◆ Required action
Copy all the lines of the listing below exactly. Skip the images.

◆ Available data

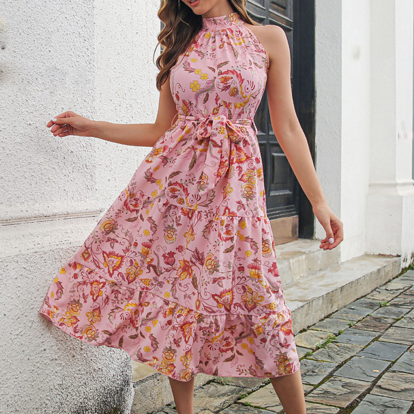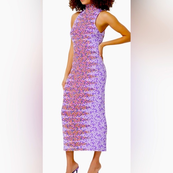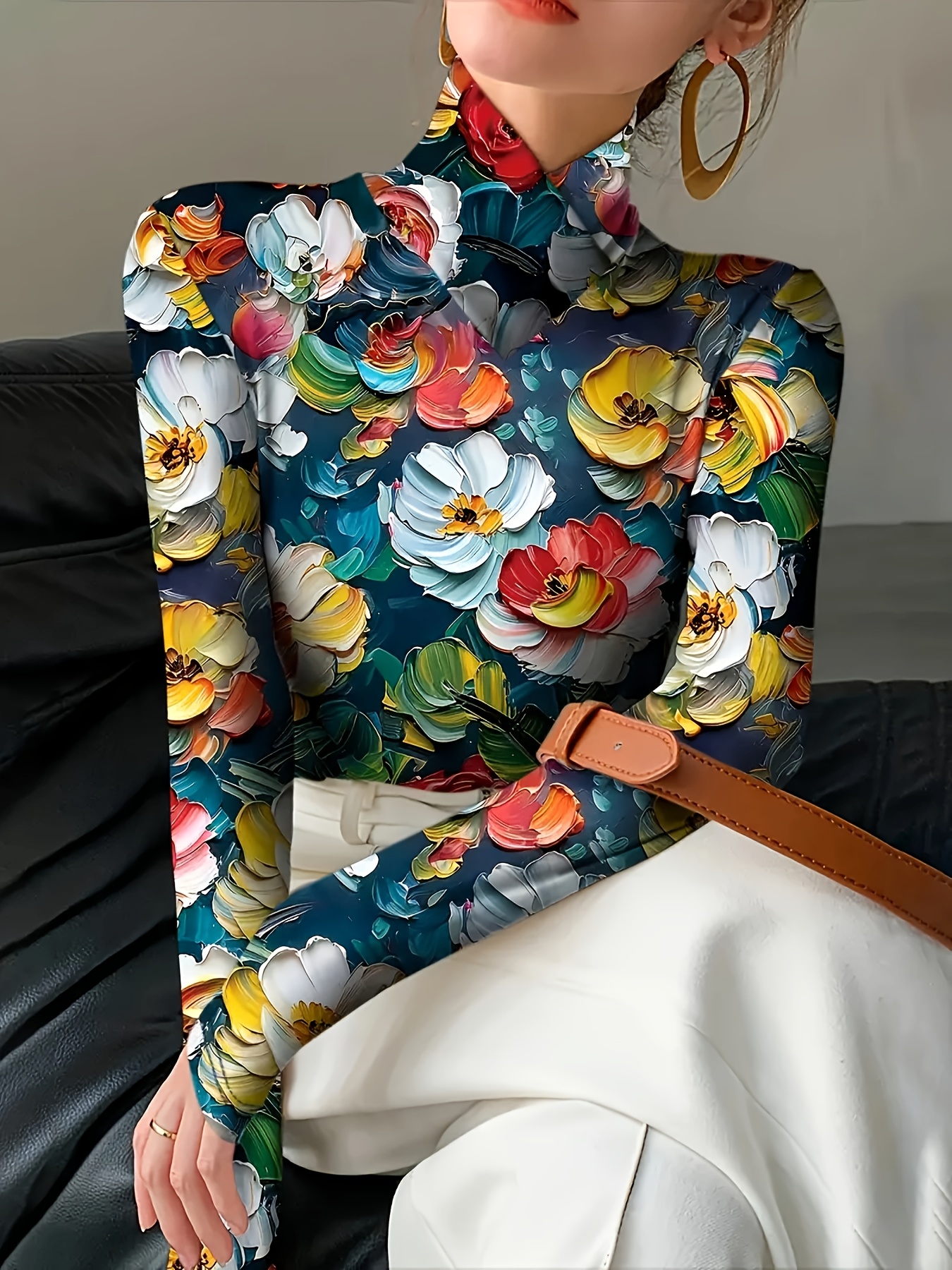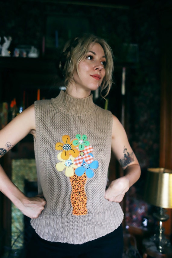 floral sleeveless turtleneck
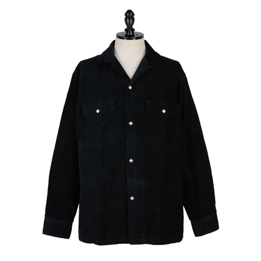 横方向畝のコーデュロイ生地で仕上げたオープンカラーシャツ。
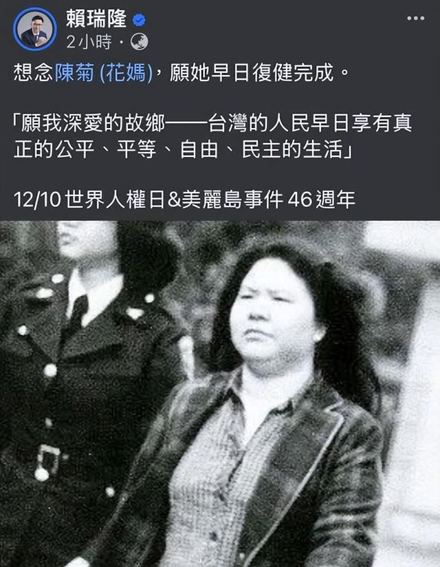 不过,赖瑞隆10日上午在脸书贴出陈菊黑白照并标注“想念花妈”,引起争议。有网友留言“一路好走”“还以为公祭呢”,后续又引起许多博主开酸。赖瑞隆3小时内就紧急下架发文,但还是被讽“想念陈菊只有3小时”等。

◆ Response to the exercise
 floral sleeveless turtleneck
 横方向畝のコーデュロイ生地で仕上げたオープンカラーシャツ。
 不过,赖瑞隆10日上午在脸书贴出陈菊黑白照并标注“想念花妈”,引起争议。有网友留言“一路好走”“还以为公祭呢”,后续又引起许多博主开酸。赖瑞隆3小时内就紧急下架发文,但还是被讽“想念陈菊只有3小时”等。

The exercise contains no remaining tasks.